> Instructions for the task
Omit all pictures. Print the remaining lines exactly, from the start of the data through the line containing "muss man sich".

> Stored data
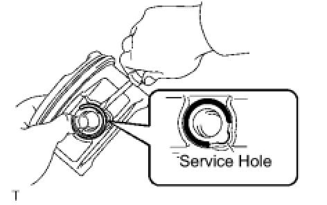 Be sure that the end gap of the snap ring is not aligned with the pin hole cutout portion of the piston.
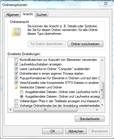....... muss man sich diese im Windows-Explorer per Extras :arrow: Ordneroptionen :arrow: Ansicht :arrow: Erweiterte Einstellungen: :arrow: Versteckte Dateien und Ordner anzeigen lassen. Setze die Marke auf Alle Dateien und Ordner anzeigen. Entferne auch gleich noch die Haken unter Dateien und Ordner bei Erweiterungen bei bekannte Dateitypen ausblenden und geschützte Systemdateien ausblenden. Setze den Haken bei Inhalte von Systemordnern anzeigen. -
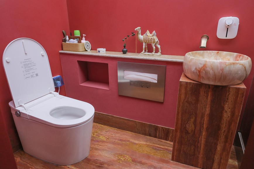 此外,九牧創(chuàng)新性地打造近千平米的“全齡友好型人文關懷樞紐”:母嬰群體專享獨立哺育室,配備抗菌護理臺、兒童安全座椅及自清潔穹頂系統(tǒng),打造潔凈溫馨的親子空間;長者及殘障人士無障礙專區(qū),設置低位感應洗手池、防滑安全扶手及智能語音導航,實現(xiàn)自主無憂通行;還可通過潮汐衛(wèi)生間動態(tài)調節(jié)廁位資源,解決代際照護如廁難題;全齡游客共享多功能服務島——休憩區(qū)配備茶飲自助機、行李寄存柜及文化展陳,滿足從嬰幼兒到銀發(fā)族的多元需求。
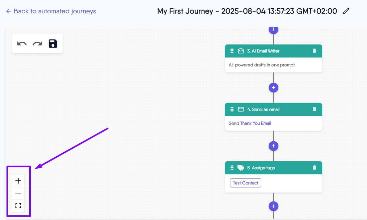 The Zoom In, Zoom Out, and Reset controls allow you to easily adjust your view of the automated journey canvas. These features help you navigate, review, and design complex workflows with greater ease and precision.
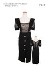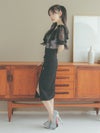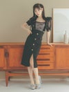 - [韓国ドレス] フリル付き シアーリボントップス ウエスト切替 フロントスリット 膝丈タイトドレス
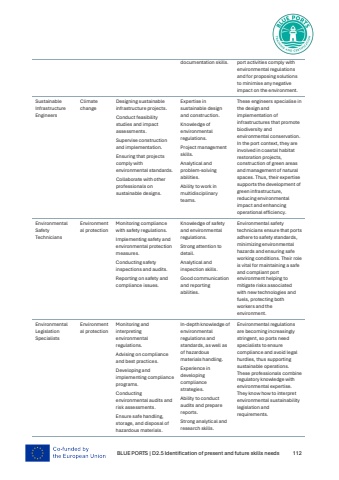 BLUE PORTS | D2.5 Identification of present and future skills needs 112documentation skills. port activities comply with environmental regulations and for proposing solutions to minimise any negative impact on the environment.Sustainable Infrastructure EngineersClimate changeDesigning sustainable infrastructure projects.Conduct feasibility studies and impact assessments.Supervise construction and implementation.Ensuring that projects comply with environmental standards.Collaborate with other professionals on sustainable designs.Expertise in sustainable design and construction.Knowledge of environmental regulations.Project management skills.Analytical and problem-solving abilities.Ability to work in multidisciplinary teams.These engineers specialise in the design and implementation of infrastructures that promote biodiversity and environmental conservation. In the port context, they are involved in coastal habitat restoration projects, construction of green areas and management of natural spaces. Thus, their expertise supports the development of green infrastructure, reducing environmental impact and enhancing operational efficiency.Environmental Safety TechniciansEnvironmental protectionMonitoring compliance with safety regulations.Implementing safety and environmental protection measures.Conducting safety inspections and audits.Reporting on safety and compliance issues.Knowledge of safety and environmental regulations.Strong attention to detail.Analytical and inspection skills.Good communication and reporting abilities.Environmental safety technicians ensure that ports adhere to safety standards, minimizing environmental hazards and ensuring safe working conditions. Their role is vital for maintaining a safe and compliant port environment helping to mitigate risks associated with new technologies and fuels, protecting both workers and the environment.Environmental Legislation SpecialistsEnvironmental protectionMonitoring and interpreting environmental regulations.Advising on compliance and best practices.Developing and implementing compliance programs.Conducting environmental audits and risk assessments.Ensure safe handling, storage, and disposal of hazardous materials.In-depth knowledge of environmental regulations and standards, as well as of hazardous materials handling.Experience in developing compliance strategies.Ability to conduct audits and prepare reports.Strong analytical and research skills.Environmental regulations are becoming increasingly stringent, so ports need specialists to ensure compliance and avoid legal hurdles, thus supporting sustainable operations. These professionals combine regulatory knowledge with environmental expertise. They know how to interpret environmental sustainability legislation and requirements.
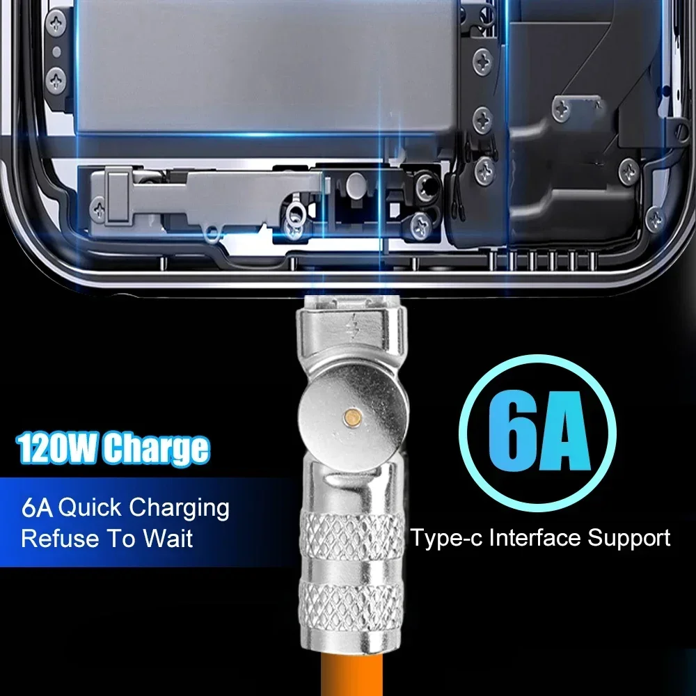 Comprar Cable USB tipo C de carga rápida, dispositivo giratorio de 120W, 6A, 180 °, para Samsung S22, S21, S20 Ultra, Huawei, Xiaomi, 12 LED

> Reply to the exercise
 Be sure that the end gap of the snap ring is not aligned with the pin hole cutout portion of the piston.
....... muss man sich diese im Windows-Explorer per Extras :arrow: Ordneroptionen :arrow: Ansicht :arrow: Erweiterte Einstellungen: :arrow: Versteckte Dateien und Ordner anzeigen lassen. Setze die Marke auf Alle Dateien und Ordner anzeigen. Entferne auch gleich noch die Haken unter Dateien und Ordner bei Erweiterungen bei bekannte Dateitypen ausblenden und geschützte Systemdateien ausblenden. Setze den Haken bei Inhalte von Systemordnern anzeigen. -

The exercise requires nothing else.